- Also known as: S2S
- Origin: Sydney, New South Wales, Australia
- Genres: Pop
- Years active: 1999–2004 2022–present;
- Labels: Festival Mushroom
- Past members: Christine Muscat; Sharon Muscat;
- Website: sister2sister.com.au

= Sister2Sister =

Australian music duo

Sister2Sister or S2S are an Australian music duo comprising the Muscat sisters, Christine and Sharon, who are pop singers, songwriters and television presenters. Their debut album, One (June 2000), peaked at No. 3 on the ARIA Albums Chart. It provided two top five singles, "Sister" (1999) and "What's a Girl to Do?" (2000). At the ARIA Music Awards of 2000 "Sister" won Best Independent Release. From 2001 they undertook a career as television presenters, as VJs on MTV Hits, and subsequently opened the Sister2Sister School of Singing in 2004. The sisters have performed as backing vocalists for Australian singer Delta Goodrem on her Australian tours.

==Background==
The Muscat sisters, Christine (born 27 February 1981) and Sharon (born 23 August 1984) the daughters of Maltese immigrants, are the duo that make up Sister2Sister. Their career started young when they grew up in the Sydney suburb of St. Clair, where they attended Holy Spirit Primary school and later Emmaus Catholic College in nearby Erskine Park.

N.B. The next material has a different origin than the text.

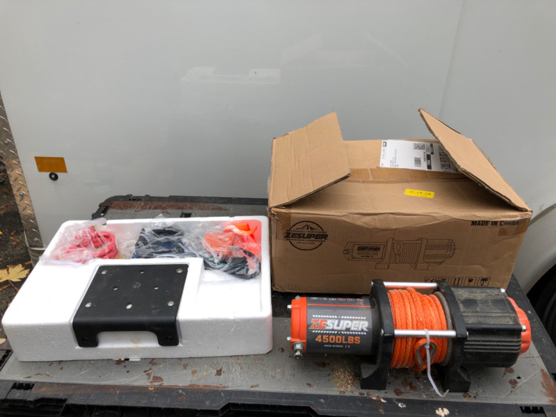 ZESUPER 4500 lb winch with synthetic rope, new in box. Compact yet powerful, this winch is ideal for ATV recovery, trailer mounting, or contractor rigs. Includes remote control and mounting hardware. Lightweight synthetic rope offers safety and ease of handling.

Growing up in a musical family, it was during those early years that the two developed a love for music. However, they also had a knack for acting , which resulted in both of them television presenting and landing roles in TV commercials and soap operas.

At the ages of 9 and 13, Christine and Sharon joined Brent Street Studios to also study dancing. Soon after joining the school, the girls were invited to join the Brent St. Kids performance troupe and began singing and dancing all over Sydney. It was through this exposure that they attracted the attention of Tina Arena who saw their performance at the Variety Club Heart Awards. Arena mentioned the girls to her now former manager/husband. He later signed them to his management company and new record label in 1997.

==Musical career==
===1999–2004: One===
After relocating to Melbourne to write their first album, the name Sister2Sister was born. It was at this time Sharon also studied at the Victorian College of Arts. The duo also opened for Britney Spears for 6 dates on her Oops!... I Did It Again Tour in the US.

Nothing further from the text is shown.